Con la panza llena continuamos el tour, que siguió en Las
Tintoreras, un islote ubicado a 10 minutos de Puerto Villamil. Allí caminamos por
un sendero de lava, entre un campo de líquenes blancos que se extendían sobre
las rocas negras, y observamos unas grietas donde descansaban esos tiburones
llamados “tintoreras”, que a aquella altura, ya eran mis mejores amigos. Era
impresionante la cantidad de iguanas que se amontonaban una sobre otra, muchas
de ellas trepándose de las rocas al mejor estilo Spiderman, pero con dos
docenas de sus hermanas encima de ellas.

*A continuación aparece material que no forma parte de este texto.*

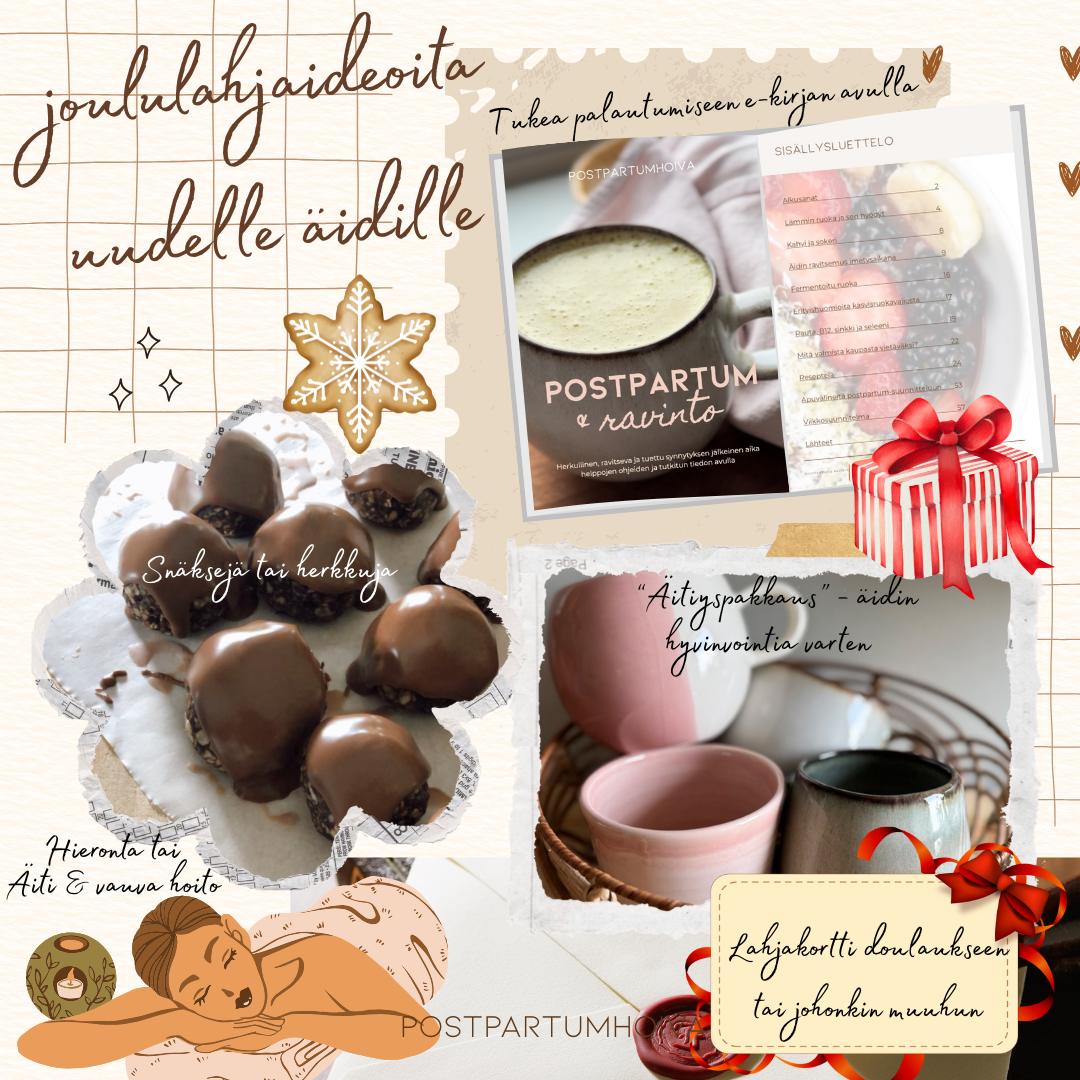 Joulu on aikaa, jolloin haluamme osoittaa rakkautta ja kiitollisuutta lahjoilla. Kun lahjan saajana on odottava tai juuri synnyttänyt äiti, lahjan merkitys kasvaa: postpartum-aika on herkkä, kuormittava ja usein aliarvostettu vaihe elämässä. Sen sijaan, että miettisimme mitä “hauskaa tai tarpeellista” voisimme antaa, kannattaa kysyä: mitä tämä äiti todella tarvitsee voidakseen paremmin?

En el camino, vimos una iguana grande
dormida sobre una roca, y el guía nos explicó que muchas veces, se duermen bajo
el sol y cuando despiertan, sus extremedidas adormecidas no les obedecen, por lo que terminan muriendo víctimas de insolación, pobrecitas.

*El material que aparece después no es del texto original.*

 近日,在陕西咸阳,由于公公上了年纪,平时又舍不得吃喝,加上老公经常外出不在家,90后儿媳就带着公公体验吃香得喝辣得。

Después de Las Tintoreras fuimos a hacer snorkel en las
cercanías de un lugar llamado “La
Calera ”. Los colores y tamaños de los peces son tan
fascinantes que yo no puedo imaginar lo que debe ser bucear en aquellos sitios,
si con apenas hundir la cabeza bajo el agua uno observa tales maravillas. ¡Que placer y que suerte tuve de haber podido
estar ahí!
Regresamos cansados a Puerto Villamil, y apenas desembarqué
me crucé con Franklin, quien parecía vivir en el muelle, no sé, la cosa es que
todos los días de mi estadía allí me lo había encontrado en la calle. Y no era
un pordiosero precisamente jejej. No, todo lo contrario, Franklin era, o es,
mejor dicho, un dandy. Uno de esos tipos que salen en las propagandas
televisivas intentando vender perfumes, vinos o automóviles. Un eterno seductor
que siempre buscaba los mejores hoteles, las mejores comidas, y por supuesto,
las mejores mujeres. Pero muy a pesar suyo, nada de eso había conseguido en su
estadía en Galápagos. ¡Si hasta le habían robado dinero del hotel!
Tomamos una merienda ahí cerquita del muelle, y comimos
algo, acompañado de una bebida muy rica que me sugirió probar: el jugo de
tomate de árbol. Todo eso mientras trataba de convencerme de que lo acompañase
a bucear al día siguiente a la isla Bartolomé en un barco que él conocía y que
nos cobraría no se cuántos cientos de dólares.
-Soy mochilero-, aunque no se note. Le insistía.
-¡Pero que admirable lo tuyo! Yo debería hacer lo mismo-,
aseguraba- ¡Pero cómo me cuesta esa vaina!